**DATASET SECTION:**
○ ○ ○

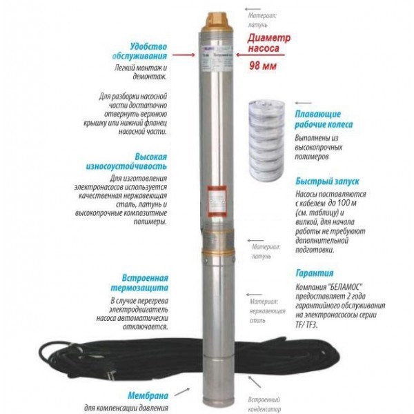 ?? Скважинный погружной насос Belamos TF-40 разработан для высокоэффективной подачи чистой воды с большой глубины в жилищные объекты и для орошения сада. Устанавливается прямо в пробуренные скважины и применяется в автоматических системах водоснабжения дач, частных домов, коттеджей и других построек, не имеющих возможности подключения к центральной системе водоснабжения.?? Преимущества:
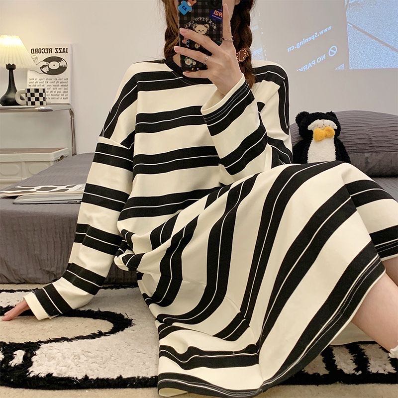 ルームウェア レディース ボーダー柄ワンピース パジャマ 春 秋インナー 下着 ナイトウェア レディース ナイトウェア ルームウェア ルームウェア ワンピース
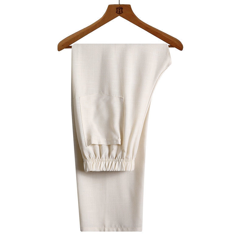 • 면과 린넨 바지 화이트

○ ○ ○

**EXERCISE INSTRUCTIONS:** Your copy should match the material above exactly, minus its pictures.

**EXERCISE SOLUTION:**
 ?? Скважинный погружной насос Belamos TF-40 разработан для высокоэффективной подачи чистой воды с большой глубины в жилищные объекты и для орошения сада. Устанавливается прямо в пробуренные скважины и применяется в автоматических системах водоснабжения дач, частных домов, коттеджей и других построек, не имеющих возможности подключения к центральной системе водоснабжения.?? Преимущества:
 ルームウェア レディース ボーダー柄ワンピース パジャマ 春 秋インナー 下着 ナイトウェア レディース ナイトウェア ルームウェア ルームウェア ワンピース
 • 면과 린넨 바지 화이트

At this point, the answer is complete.